* Instructions for the task *
Once the pictures are removed, restate the data below word for word.

* Given data *

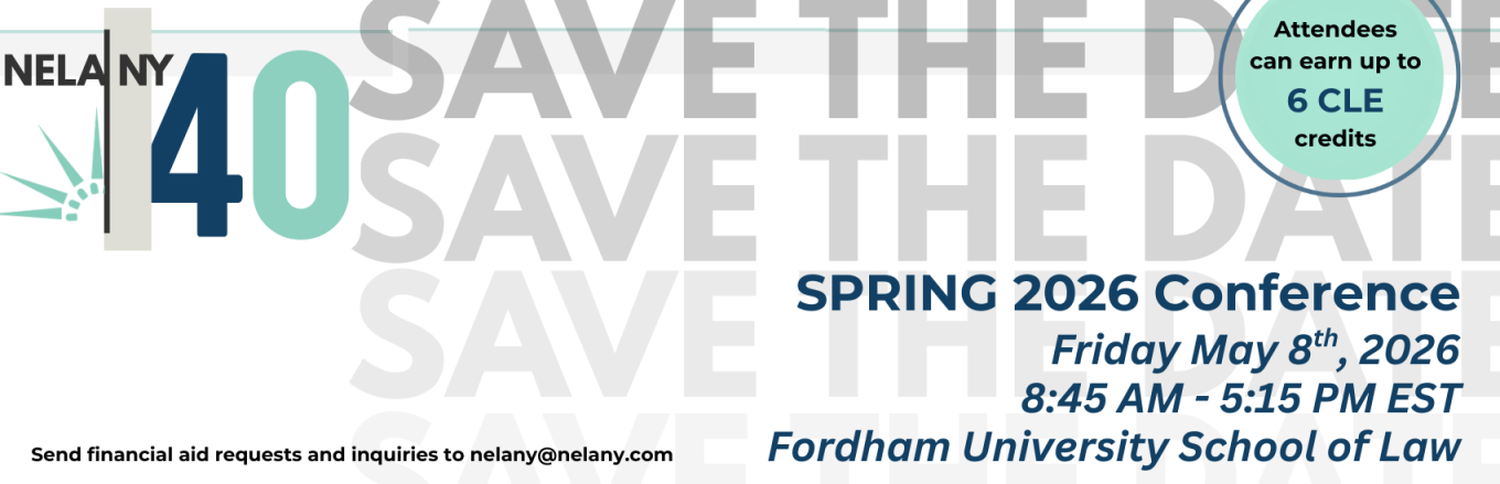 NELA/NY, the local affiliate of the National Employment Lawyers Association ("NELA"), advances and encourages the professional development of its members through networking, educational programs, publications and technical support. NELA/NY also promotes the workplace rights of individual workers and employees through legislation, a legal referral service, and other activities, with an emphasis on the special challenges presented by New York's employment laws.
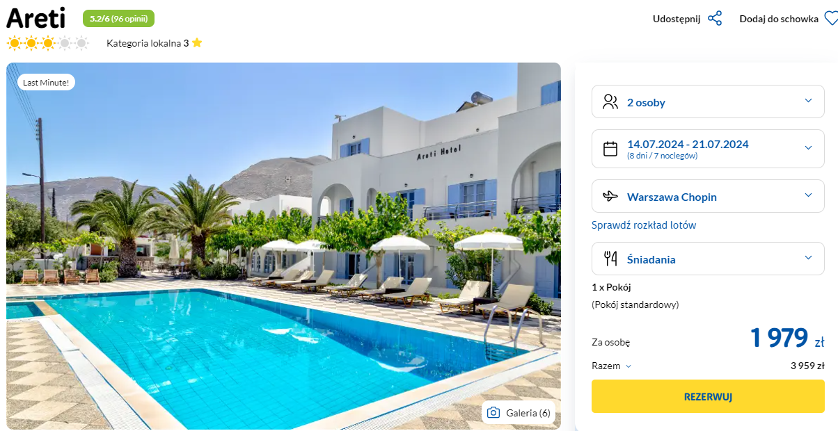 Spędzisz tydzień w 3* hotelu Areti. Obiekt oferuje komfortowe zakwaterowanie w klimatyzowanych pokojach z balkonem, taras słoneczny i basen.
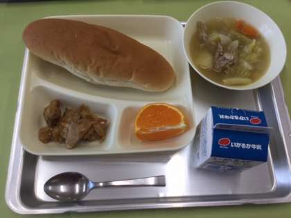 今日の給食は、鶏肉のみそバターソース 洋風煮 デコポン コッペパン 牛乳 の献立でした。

* Task response *
 NELA/NY, the local affiliate of the National Employment Lawyers Association ("NELA"), advances and encourages the professional development of its members through networking, educational programs, publications and technical support. NELA/NY also promotes the workplace rights of individual workers and employees through legislation, a legal referral service, and other activities, with an emphasis on the special challenges presented by New York's employment laws.
 Spędzisz tydzień w 3* hotelu Areti. Obiekt oferuje komfortowe zakwaterowanie w klimatyzowanych pokojach z balkonem, taras słoneczny i basen.
 今日の給食は、鶏肉のみそバターソース 洋風煮 デコポン コッペパン 牛乳 の献立でした。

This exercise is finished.